Therefore, the limiting CDF is given by the following function which represents the CDF of a random variable \(X\) which takes the value \(\theta\) with probability \(1\). \[F_X(x) = \begin{cases} 1, \theta\le x<\infty \\ 0, -\infty <x<\theta.\end{cases}\] In the following, we see visualize the convergence graphically. It is important to note that each \(F_n(x)\) is a continuous function for \(n\in\{1,2,3\ldots\}\), however the limiting CDF is not continuous at \(x=0\). We say that the maximum order statistics \(Y_n = \max(X_1,X_2,\ldots,X_n)\) converges in distribution to the random variable \(X\).
theta = 2
n = 1
F_n = function(x){
(x/theta)^n*(0<=x)*(x<theta) + (theta<=x)
}
curve(F_n(x), col = 2, lty = 2, lwd = 2, -0.5, 2.5,
ylab = expression(F[n](x)))
n_vals = c(3,5,10,25)
for(n in n_vals){
curve(F_n(x), col = n, lty = 2, lwd = 2, add = TRUE)
}
points(0, 0, pch = 19, col = "red", cex = 1.3)
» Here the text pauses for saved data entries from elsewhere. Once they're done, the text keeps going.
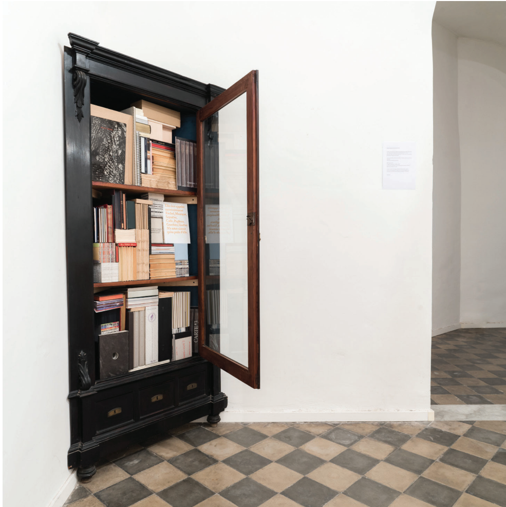
Koobook–Deconstruction of the Archive, 2019, Books and archive files, fanzines, catalogs, 230x70x60 cm

Man Ray was once invited to write of himself and his readymade and he left a text from which I borrow a quotation that I think in some ways is valid as a key to my work too.
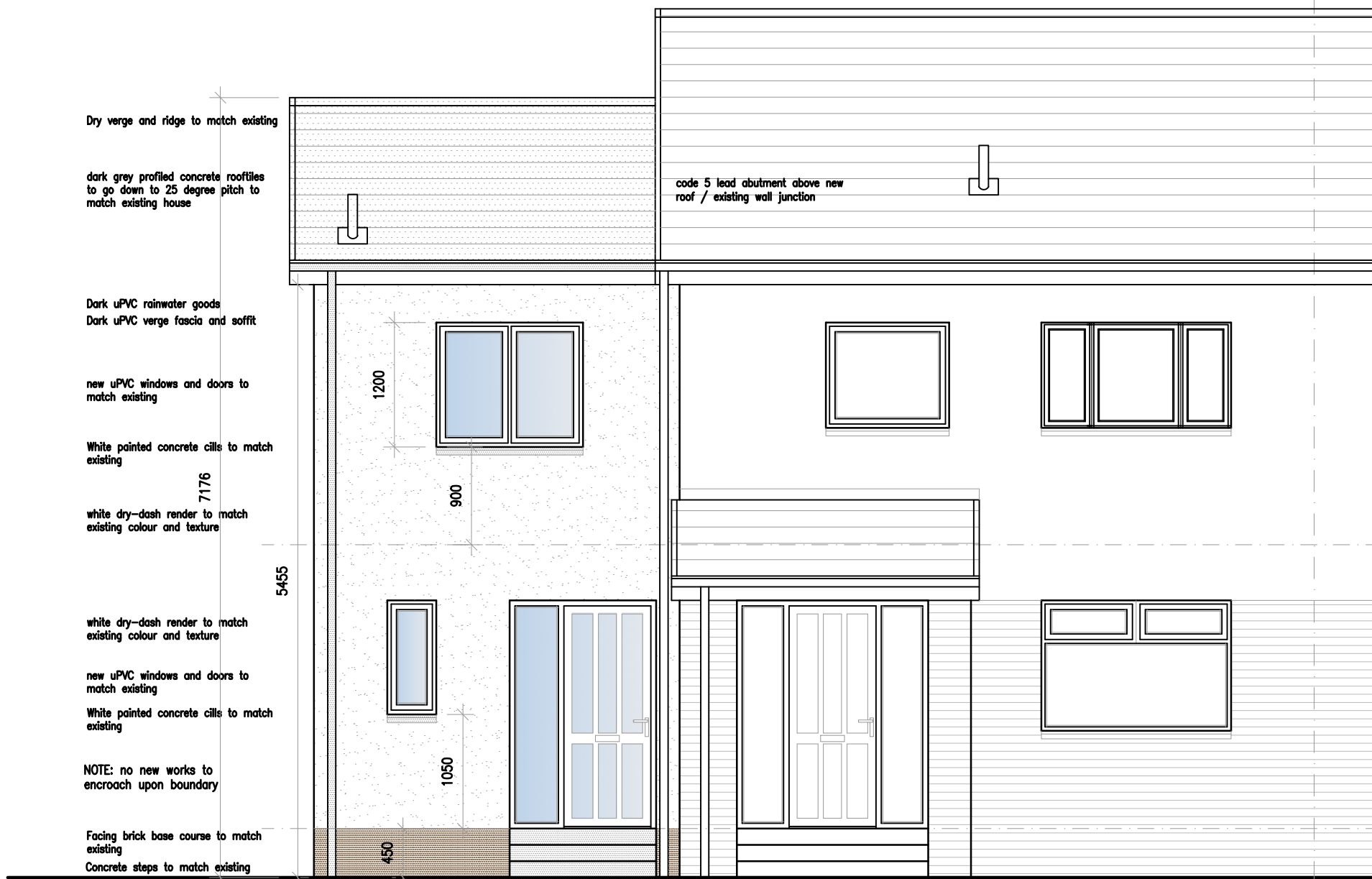
Proposed Front (east) Elevation (1:50)
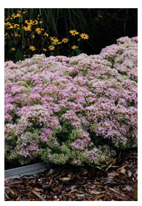
ROCK 'N GROW® 'Pure Joy' Sedum

H: 6-8" / W: 12-14" / Z: 4-9 / E: Full - Part Sun
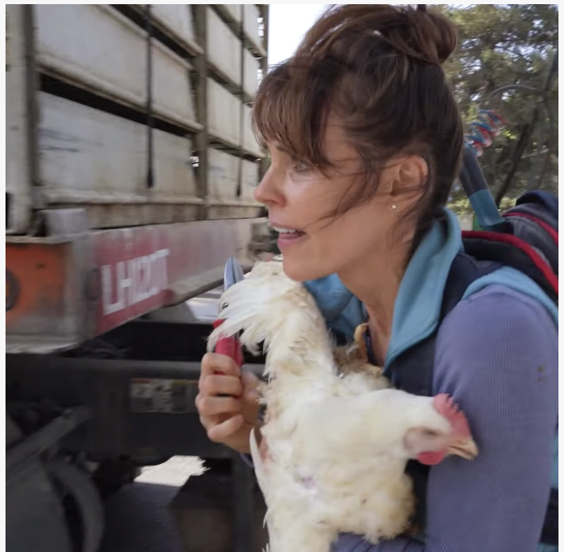
Actress/Activist Alexandra Paul with a chicken. She called it a rescue, not a theft.
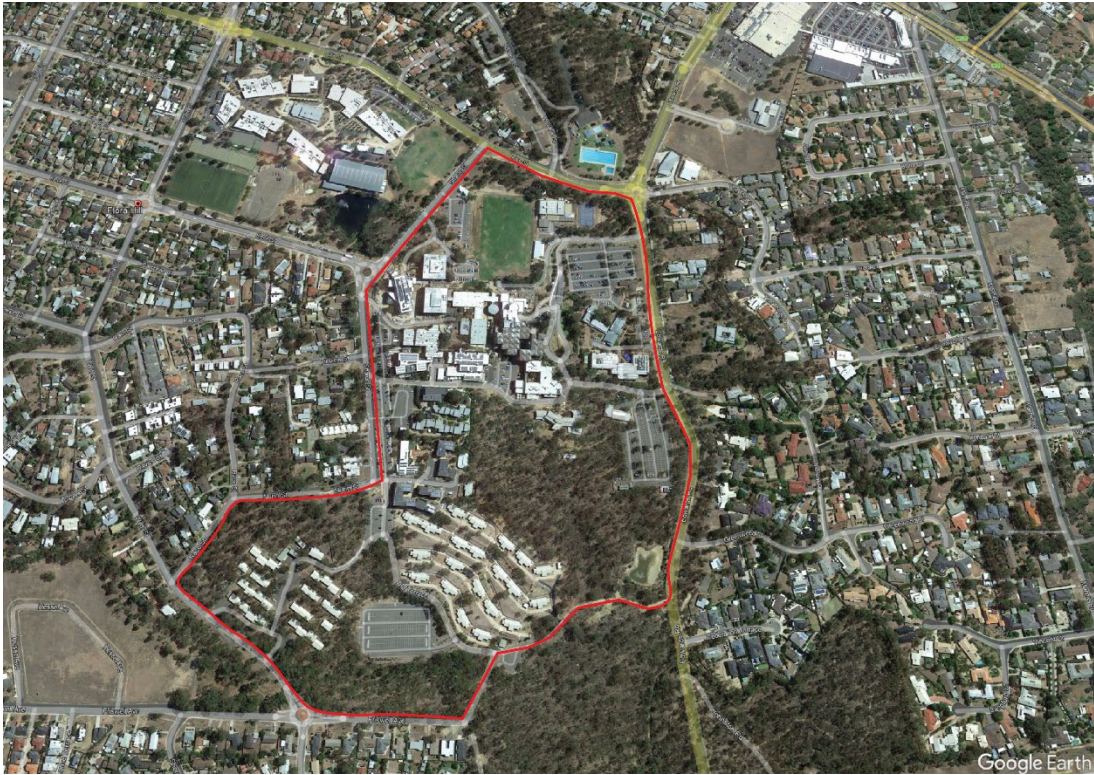
Figure 2: Property title of Bendigo Campus Precinct 2
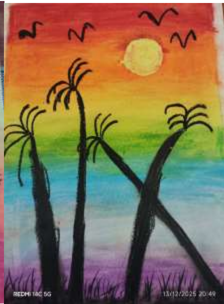
JAYAKARTHIKEYAN -III B
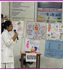
Poster competition (by undergraduates)
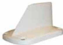
Top & Bottom Antennas
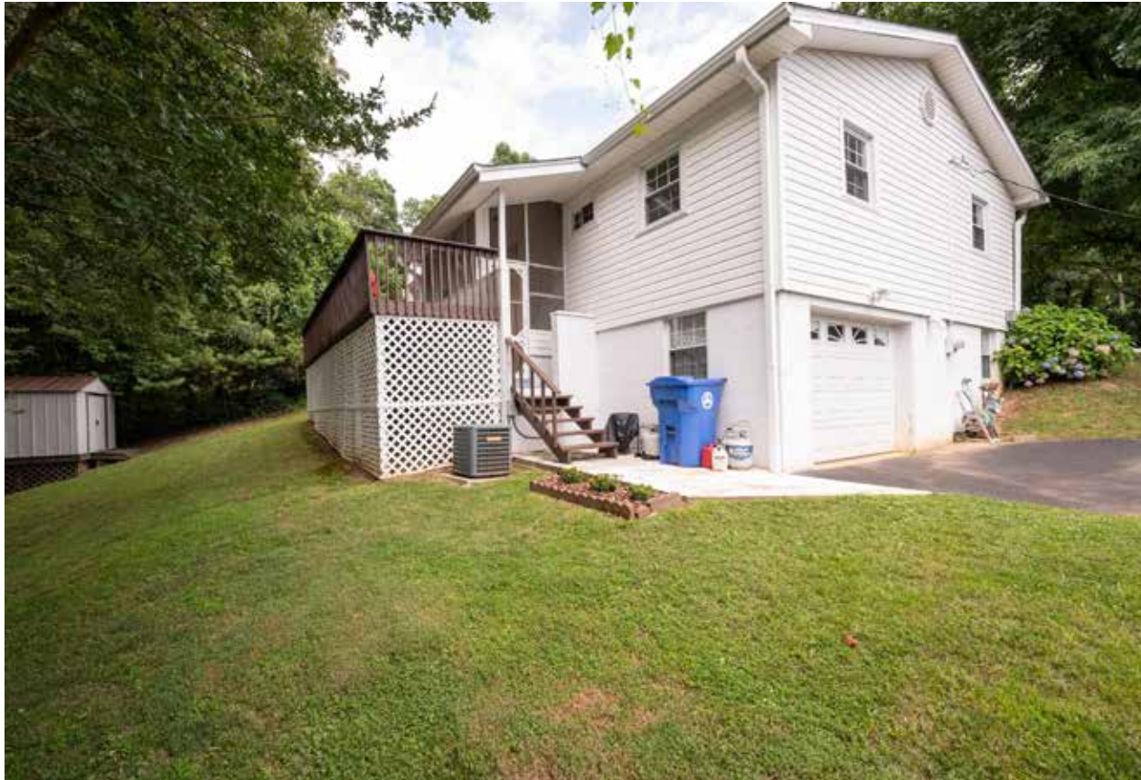
This Sweet Home is Neat as a Pin

This is the home you've been looking for! Come see this lovingly maintained, one-owner home in the classic Rosscraggen subdivision off Sweeten Creek Road. This spacious ranch is move-in ready and waiting for you to make it your own. Inside offers an eat-in kitchen with breakfast bar, oak cabinets, and separate dining area, a sunny and bright living room with hardwood floors, three generously sized bedrooms, and a bathroom with walk-in shower and new vanity. In the walk-out lower level, you'll find a cozy den with a wood-burning stove, and a large basement/garage with a workshop and lots of storage. The interior has been freshly painted and new carpets were just installed. But OUTSIDE is where this home really shines! There's a large, newly stained deck overlooking a huge, level lot that borders a small creek. It has lots of trees for privacy, but even more open space for playing, relaxing, and/or gardening! Convenient to everything South Asheville. Don't miss seeing this sweet home!

points(theta, 1, pch = 19, col = "red", cex = 1.3)
segments(-05,0, theta,0, col = "blue", lwd = 3)
segments(theta,1, 2.5,1, col = "blue", lwd = 3)
legend("topleft", legend = c("n = 1", "n = 3", "n = 5", "n = 10", "n = 25"),
col= c(2,3,5,10,25), bty = "n", lwd = 2, lty = rep(2,5))
In the light of the above example, let us formalize the concept of the convergence in distribution.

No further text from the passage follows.